**Task:**
Write out the entries exactly. None of the pictures should appear in the copy.

**Listed entries:**

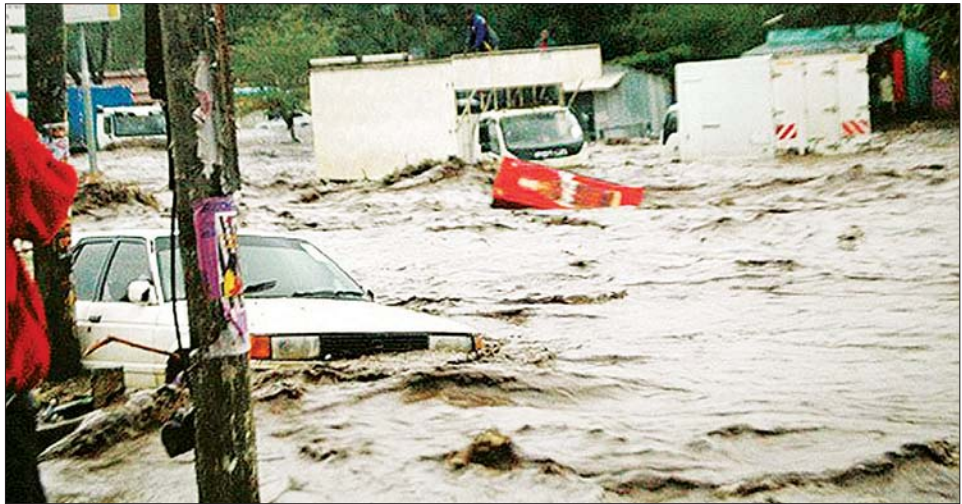
အာသံပြည်နယ်တွင် ရေကြီးမှုကြောင့် မော်တော်ယာဉ်များ နစ်မြုပ်နေသည်ကို တွေ့ရစဉ်။

အာသံပြည်နယ်၏ ခရိုင် ၃၂ ခုတွင် ရေဘေးဒုက္ခ ခံစားရလျက်ရှိသည်။ ကျေးရွာပေါင်း ၅၀၀၀ နီးပါး ရေလွှမ်းနှစ်မြုပ်ပြီး ကောက်ပဲသီးနှံဟက်တာပေါင်း ၉၉၀၂၆ ဟက်တာ ထိခိုက်ပျက်စီးခဲ့ကြောင်း အရာရှိများက ပြောသည်။ ဒေသအာဏာပိုင်များသည် ရေလွှမ်းမှုဖြစ်ပွား ရာဒေသများတွင် ရေဘေးကယ်ဆယ်ရေးစခန်းပေါင်း ၁၈၇၁ ခုအထိ တည်ဆောက်ပေးခဲ့သည်။ အဆိုပါ စခန်းများတွင် ကလေးငယ် ၇၃၉၇၈ ဦးအပါအဝင် လူပေါင်း ၂၇၁၁၂၅ ဦး ခိုလှုံလျက်ရှိသည်။ ကယ်ဆယ် ရေးလုပ်ငန်းများကိုလည်း အရှိန်မြှင့်လုပ်ဆောင်လျက် ရှိကြောင်းနှင့် ကယ်ဆယ်ရေးပစ္စည်းများ ထောက်ပံ့ ရန် ရဟတ်ယာဉ်များကို အသုံးပြုလျက်ရှိသည်။ မိုးရာသီ ညှိ ရေကြီးမှုများသည် အာသံပြည်နယ်တွင် ပုံမှန်ဖြစ်ပွားလေ့ရှိသည်။ ဆင်ဟွာ
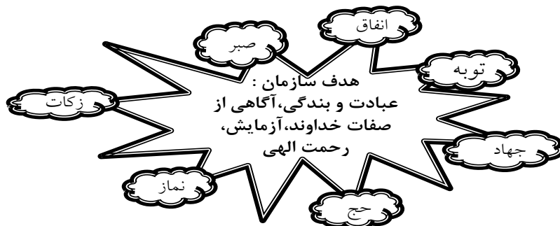
شکل ۶. مجموعه استراتژی‌های خداوند برای مدیریت جهان هستی
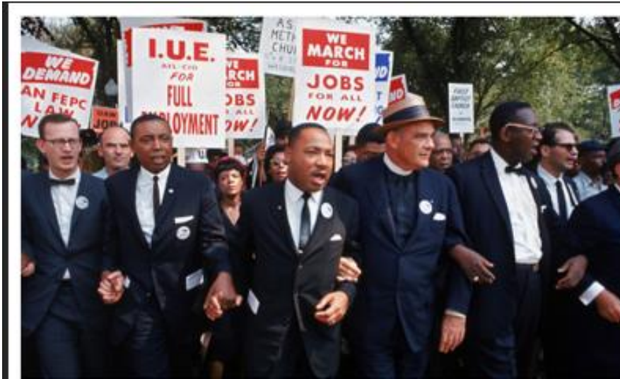
La Marcha en Washington por Empleos y Libertad, 28 de agosto de 1963.

Él creía que una coalición conformada por afroestadounidenses y el movimiento sindical podría tener el más grande impacto positivo, y advertía que los enemigos de la justicia racial eran, frecuentemente, los enemigos de las organizaciones sindicales. El Dr. King denunció las leyes llamadas “del derecho a trabajar” como una patraña, explicando que tales leyes le robaban a la gente sus derechos civiles y sus derechos laborales. Él creía en el poder de los
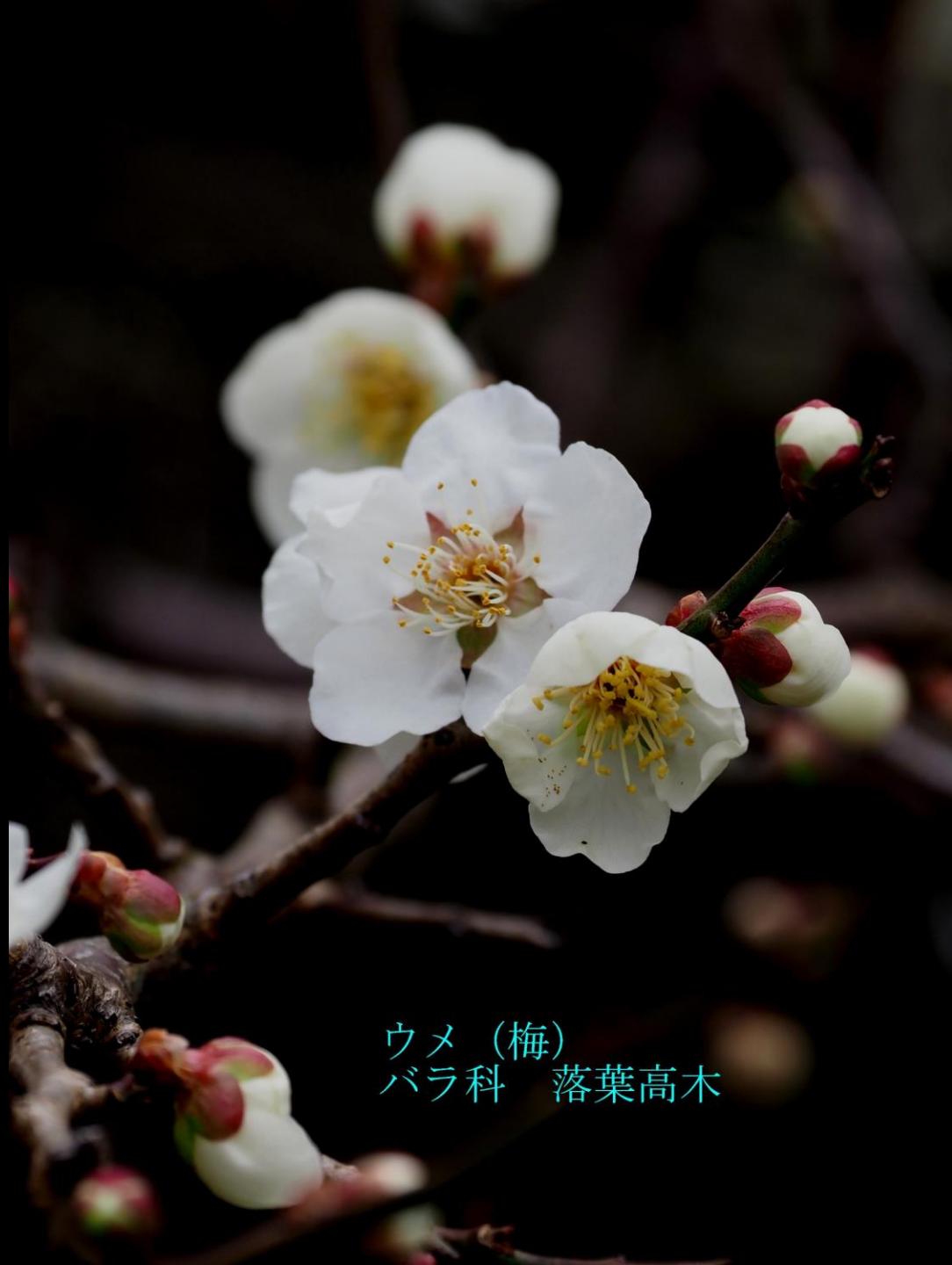
ウメ (梅) バラ科 落葉高木
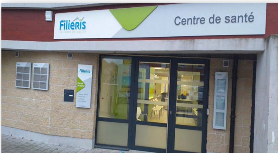
Centre de santé de Bruay-sur-l'Escaut ouvert le 16 décembre 2020

7,05 millions d'euros d'investissement en 2020
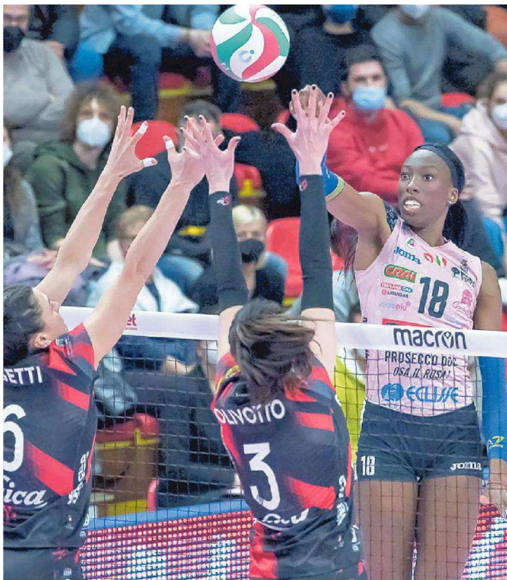
Paola Egonu, la superstar dell'Imoco, supera il muro delle farfalle bustocche

Ritaglio Stampa ad uso esclusivo del destinatario. Non riproducibile
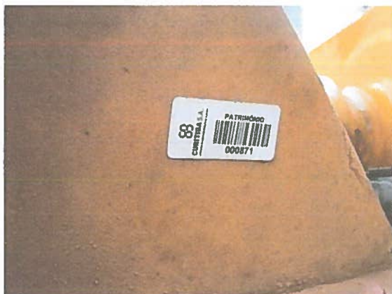
FOTO 07: Placa de identificação do número de patrimônio do item 02.
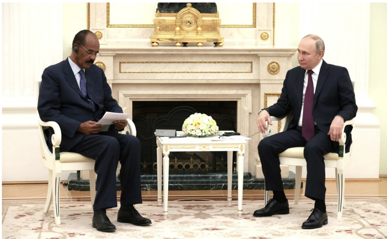
prezident Isaias Afwerki.

Tento stát je ale k Rusku velmi přátelský. V OSN vždy hlasuje pro naše rezoluce a proti rezolucím nepřítele. Prezident Eritreje odletěl na jaře do Moskvy a hovořil s Putinem.
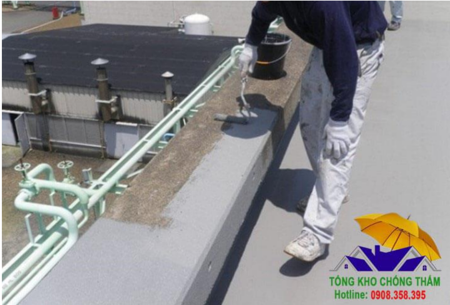
Hình ảnh thi công

**Answer for the task:**
အာသံပြည်နယ်တွင် ရေကြီးမှုကြောင့် မော်တော်ယာဉ်များ နစ်မြုပ်နေသည်ကို တွေ့ရစဉ်။

အာသံပြည်နယ်၏ ခရိုင် ၃၂ ခုတွင် ရေဘေးဒုက္ခ ခံစားရလျက်ရှိသည်။ ကျေးရွာပေါင်း ၅၀၀၀ နီးပါး ရေလွှမ်းနှစ်မြုပ်ပြီး ကောက်ပဲသီးနှံဟက်တာပေါင်း ၉၉၀၂၆ ဟက်တာ ထိခိုက်ပျက်စီးခဲ့ကြောင်း အရာရှိများက ပြောသည်။ ဒေသအာဏာပိုင်များသည် ရေလွှမ်းမှုဖြစ်ပွား ရာဒေသများတွင် ရေဘေးကယ်ဆယ်ရေးစခန်းပေါင်း ၁၈၇၁ ခုအထိ တည်ဆောက်ပေးခဲ့သည်။ အဆိုပါ စခန်းများတွင် ကလေးငယ် ၇၃၉၇၈ ဦးအပါအဝင် လူပေါင်း ၂၇၁၁၂၅ ဦး ခိုလှုံလျက်ရှိသည်။ ကယ်ဆယ် ရေးလုပ်ငန်းများကိုလည်း အရှိန်မြှင့်လုပ်ဆောင်လျက် ရှိကြောင်းနှင့် ကယ်ဆယ်ရေးပစ္စည်းများ ထောက်ပံ့ ရန် ရဟတ်ယာဉ်များကို အသုံးပြုလျက်ရှိသည်။ မိုးရာသီ ညှိ ရေကြီးမှုများသည် အာသံပြည်နယ်တွင် ပုံမှန်ဖြစ်ပွားလေ့ရှိသည်။ ဆင်ဟွာ
شکل ۶. مجموعه استراتژی‌های خداوند برای مدیریت جهان هستی
La Marcha en Washington por Empleos y Libertad, 28 de agosto de 1963.

Él creía que una coalición conformada por afroestadounidenses y el movimiento sindical podría tener el más grande impacto positivo, y advertía que los enemigos de la justicia racial eran, frecuentemente, los enemigos de las organizaciones sindicales. El Dr. King denunció las leyes llamadas “del derecho a trabajar” como una patraña, explicando que tales leyes le robaban a la gente sus derechos civiles y sus derechos laborales. Él creía en el poder de los
ウメ (梅) バラ科 落葉高木
Centre de santé de Bruay-sur-l'Escaut ouvert le 16 décembre 2020

7,05 millions d'euros d'investissement en 2020
Paola Egonu, la superstar dell'Imoco, supera il muro delle farfalle bustocche

Ritaglio Stampa ad uso esclusivo del destinatario. Non riproducibile
FOTO 07: Placa de identificação do número de patrimônio do item 02.
prezident Isaias Afwerki.

Tento stát je ale k Rusku velmi přátelský. V OSN vždy hlasuje pro naše rezoluce a proti rezolucím nepřítele. Prezident Eritreje odletěl na jaře do Moskvy a hovořil s Putinem.
Hình ảnh thi công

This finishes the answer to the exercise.